Key Responsibilities:

• Lead the development and validation of novel lateral flow assays for in-vitro diagnostics (IVD), focusing on assay sensitivity, specificity, and reproducibility.

• Design, optimize, and scale-up LFA systems, including integration of critical assay components and control systems.

• Collaborate with cross-functional teams (mechanical, software, and sourcing) to ensure the smooth transition of assay designs from R&D to production.

• Troubleshoot and refine assay development processes, addressing key performance parameters to meet regulatory standards.

• Identify and collaborate with external vendors for material sourcing, assay customization, and large-scale production.

• Conduct rigorous system and subsystem performance evaluations using clinical samples, both in laboratory and field settings.

• Maintain detailed and accurate records of experimental protocols, data analysis, and interpretation in line with best lab practices.

• Drive strategic collaborations for acquiring and validating clinical samples (blood, urine, serum, etc.) for diagnostic assay testing.
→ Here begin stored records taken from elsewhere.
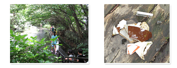 「ちゃんかけ」とは、昔捨てられたお茶碗などのかけらです。「ちゃんかけ拾い」は、川底にあるちゃんかけを拾う清掃・美化活動です。
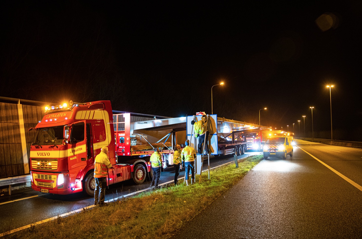 De treinen konden gewoon blijven rijden, het hijsen van de perronkapdelen gebeurde wanneer er geen treinen langskwamen.
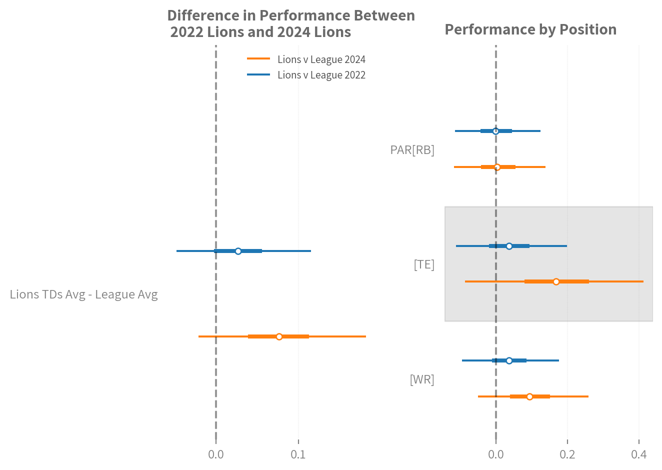 players_2022 = cumulative_stats.filter( (pl.col('posteam') =='DET') & (pl.col('season') ==2022)).select( pl.col('receiver_full_name').unique())['receiver_full_name'].to_list()players_2024 = cumulative_stats.filter( (pl.col('posteam') =='DET') & (pl.col('season') ==2024)).select( pl.col('receiver_full_name').unique())['receiver_full_name'].to_list()perf_2022 = post_preds['tds_scored'].where( ( (post_preds['receiver_full_name'].isin(players_2022))& (post_preds['season'] ==2022) ), drop =True)perf_2024 = post_preds['tds_scored'].where( ( (post_preds['receiver_full_name'].isin(players_2024))& (post_preds['season'] ==2024) ), drop =True)league_2022 = post_preds['tds_scored'].where( ( (post_preds['season'] ==2022) & (~post_preds['receiver_full_name'].isin(players_2022)) ), drop =True)league_2024 = post_preds['tds_scored'].where( ( (post_preds['season'] ==2024) & (~post_preds['receiver_full_name'].isin(players_2024)) ), drop =True)team_avg_2022 = perf_2022.mean('obs_id')team_avg_2024 = perf_2024.mean('obs_id')league_avg_2022 = league_2022.mean("obs_id")league_avg_2024 = league_2024.mean('obs_id')league_pos_avg_2022 = league_2022.groupby(["receiver_position"]).mean('obs_id') league_pos_avg_2024 = league_2022.groupby(['receiver_position']).mean('obs_id')lions_pos_avg_2022 = perf_2022.groupby(["receiver_position"]).mean('obs_id')lions_pos_avg_2024 = perf_2024.groupby(['receiver_position']).mean("obs_id")pos_contrast_2022 = (lions_pos_avg_2022 - league_pos_avg_2022).rename('PAR')pos_contrast_2024 = (lions_pos_avg_2024 - league_pos_avg_2024).rename('PAR')Lions_League_2022 = (team_avg_2022 - league_avg_2022).rename('Lions TDs Avg - League Avg')Lions_League_2024 = (team_avg_2024 - league_avg_2024).rename('Lions TDs Avg - League Avg')_,(right, left) = plt.subplots(1,2)az.plot_forest([Lions_League_2022, Lions_League_2024], model_names = ['Lions v League 2022', 'Lions v League 2024'], combined =True, ax = right)az.plot_forest([pos_contrast_2022, pos_contrast_2024], model_names = ['Lions v League 2022', 'Lions v League 2024'], combined =True, ax = left )right.set( title ='Difference in Performance Between \n 2022 Lions and 2024 Lions')left.set( title ='Performance by Position')right.axvline(c ='k', ls ='--', alpha =0.4)left.axvline(c ='k', ls ='--', alpha =0.4)left.get_legend().remove()
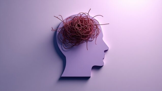 Mental Health Disorder Concept. Person Feeling Weak and Stressed. Negative Emotions. Depressed Feelings Represented Inside a Brain and Mind. Human Head and Brain Crafted with Messy Wire. Top View w...
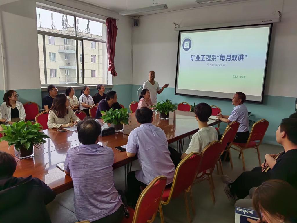最后,李晨阳以“采空区下近距离煤层综放面压架机理及其控制研究”为题做“每月双讲”科研报告,与会教职工认真聆听、积极交流,有效促进了教职工科研能力提升。

  Required Qualifications:

• Masters or PhD in Biotechnology, Biochemistry, or related Life Sciences with 5+ years of industry experience in LFA or IVD product development.

• Proven expertise in lateral flow assay design, protein detection methods (ELISA, immunochemistry), and experience with biomarkers or bioassays.

• Strong laboratory skills in assay development, antibody conjugation, protein purification, and assay troubleshooting.

• Experience in identifying and overcoming technical challenges in assay performance and scalability.

  Preferred Skills:

• Demonstrated leadership in LFA development, including experience in clinical diagnostics and regulatory compliance.

• Proficiency in statistical analysis tools (e.g., Excel, R, or equivalent) for assay data interpretation.

• Strong project management skills, with experience in collaborating across multidisciplinary teams.

• Excellent written and verbal communication skills, with a demonstrated ability to document complex protocols clearly.